Eliana had lost the baby. Her body was depleted. She hadn't eaten.

The moment she could walk, she got up, hailed a cab, and left the clinic.

The digital billboards on the high street were cycling through the same images on a loop — Adrian on one knee, sliding a ring onto Serena's finger. He'd bought every screen in the city. The photographs were everywhere: the two of them kissing, laughing, radiant. Strangers stopped to look. Women sighed.

Nobody remembered that once, Adrian had bought a private island in the Mediterranean and named the pleasure garden he built on it after her.

Adrian arrived at her flat not long after, carrying a new set of divorce papers.

"Sign them. Serena won't settle down until it's done."

Eliana took the papers and signed without reading a word.

Adrian watched her. He didn't move.

"You're not going to ask anything? You'll just sign, just like that?"

"Are you playing another game? Trying to steal these back again?"

He looked at her — hard, searching, as though he expected to find something in her face.

"Eliana, tell me what you want. Name it."

Eliana didn't look up from the table.

"What do you want me to want?"

She pushed back her chair. "Let's go to the registry office right now. I want this done today."

Adrian's grip on the papers went white-knuckled. He stared at her for a long moment, then picked up a pen and added a clause to the bottom of the final page. His handwriting pressed through every layer of paper.

"One more thing — that island I gave you years ago. Serena loves it, but she doesn't want your name on it. I'm having the whole property demolished and rebuilt."

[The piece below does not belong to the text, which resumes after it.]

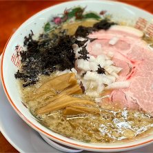 “会津ばんだいらーめん宮子店” ◻︎「鶏魚介ホアジャオらぁ麺」(1,100円) ◻︎「大盛り」(+150円) ◼︎まず、一口目で感じるスープの深い旨味に驚かされ、次にホアジャオの痺れが心地よく広がります。 中太ストレート麺はコシがあり、スープとの相性も抜群。 特に大判チャーシューとブロックチャーシューの二種類がトッピングされ、極太のメンマもシャキシャキで美味しいです。 スタッフの親切なサービスと清潔感のある広々とした店内も魅力的。

Eliana's eyes dropped to the new clause. Then she looked up and gave a very small nod.

"Fine."

"Have the final version drawn up tonight. I'll be here."

She waited.

The indifference in her face drove him beyond fury. He leaned in close.

"You're this desperate to be free of me because Maxwell Thorne's back in the country, is that it? In a rush to get to him?"

He still believed it. Even now. He had never once — not once — asked her whether any of it was true.

Eliana looked at him for a long moment, too tired for anything but the truth of how absurd this all was.

"You're right. I was never in love with you." Her voice was steady, almost bored. "Seven years ago when Maxwell walked out at the altar, I handed you the bouquet because you were standing nearest to me. That's all it ever was."

"I'm admitting it. Does that satisfy you?"

Adrian's eyes reddened. He caught her wrist — and then, suddenly, he laughed. A raw, cracked sound.

"You really are —"

"Serena." A small sound from behind them. She was in the doorway, trembling. "You're not going to back out after all, are you?"

"I'm not backing out of anything." Adrian let go of Eliana and reached for Serena instead. He pulled her through the door, down to the street, into a cab — and Eliana realised, looking down at her feet, that she didn't have shoes on.

He hadn't noticed. Or hadn't cared.

She followed them into the registry office in her bare feet.

Adrian had influence everywhere. Within five minutes the papers were processed, the divorce recorded, the certificates produced.

When they were placed on the counter, he still didn't look at Eliana. He pulled Serena to him and kissed her in the middle of the room — long and unhurried, watched by a dozen strangers who gasped and whistled.

Eliana picked up her copy from the floor where he'd dropped it and walked out.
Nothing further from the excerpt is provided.